Die Schwellenländerwährungen feiern nach vier turbulenten Jahren ein Comeback und bieten einige der
besten Chancen auf den heutigen Märkten. In Teilen der Entwicklungsländer haben wir es mit einer
seltenen Kombination aus Value und sich verbessernden Fundamentaldaten zu tun, wobei die
Währungen im Vergleich zu den Schulden nach wie vor unterbewertet sind. Im Gegensatz zur
allgemeinen Auffassung denken wir, dass die Schwellenländer den Epizentren der heutigen politischen
Risiken eher weniger ausgesetzt sind als zum Beispiel die meisten Industrieländer. Kurz gesagt
bevorzugen wir Märkte, die unserer Meinung nach vom Wachstum in Europa und den USA profitieren
können, ohne in deren politischen Problemen unterzugehen.

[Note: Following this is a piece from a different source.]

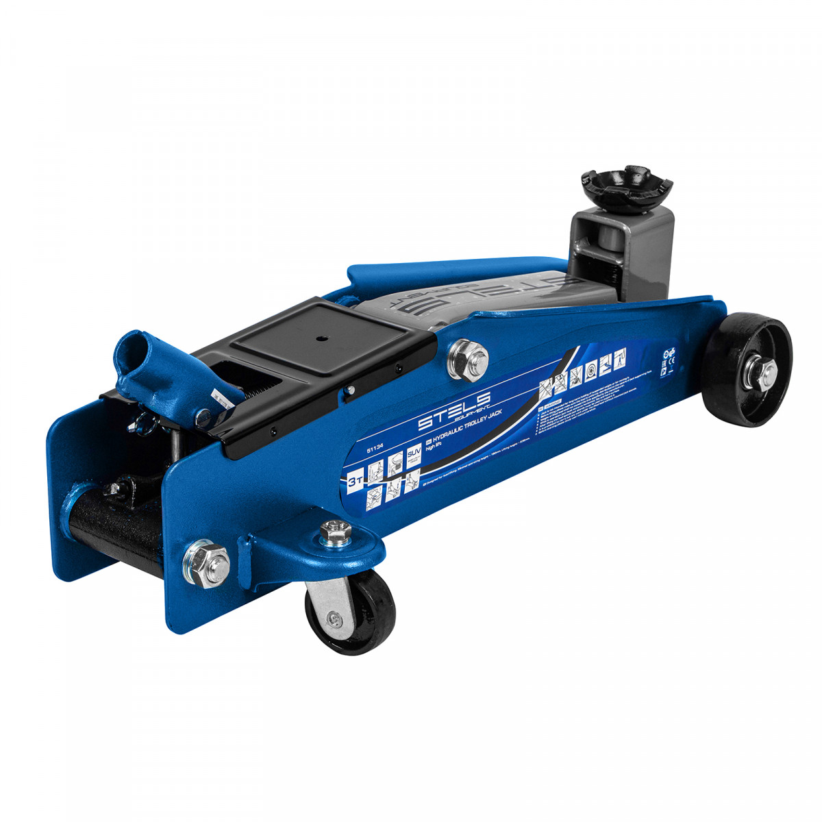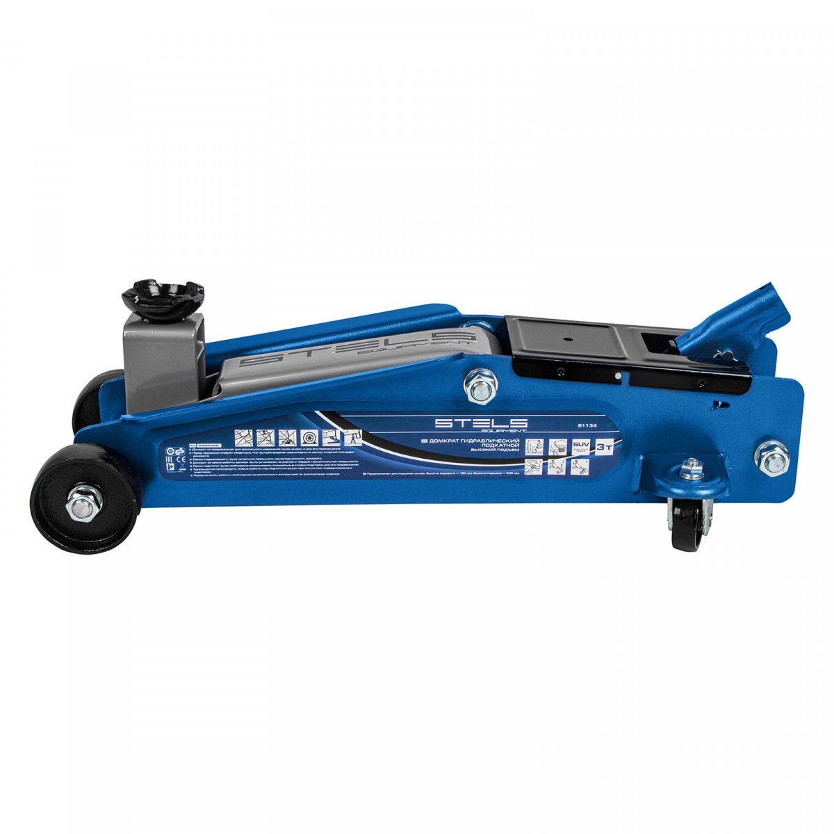 Подкатной гидравлический домкрат Stels 51134 с высоким подъемом 190 мм позволяет поднимать грузы весом до 3 т на высоту 535 мм и подходит для автомобилей класса SUV с увеличенным дорожным просветом. Может использоваться для самостоятельного обслуживания авто.
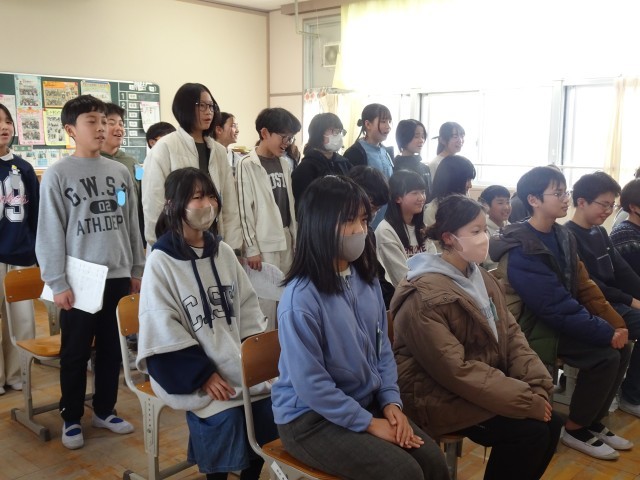 学年での全体練習が始まる前に、学級ごとによびかけの練習や流れの確認をしています。

Politisches Risiko ist nach wie vor vorhanden
Das heißt nicht, dass das politische Risiko aus den Schwellenländern verschwunden ist. Man denke nur
an die Volatilitätssprünge des südafrikanischen Rands nach der Amtsenthebung des Finanzministers
oder die Reaktion der türkischen Lira auf den Sieg von Präsident Erdoğan beim umstrittenen
Verfassungsreferendum. Es handelt sich hierbei aber um konkrete Einzelfälle, die weniger Potenzial
haben, auf andere Bereiche überzugreifen.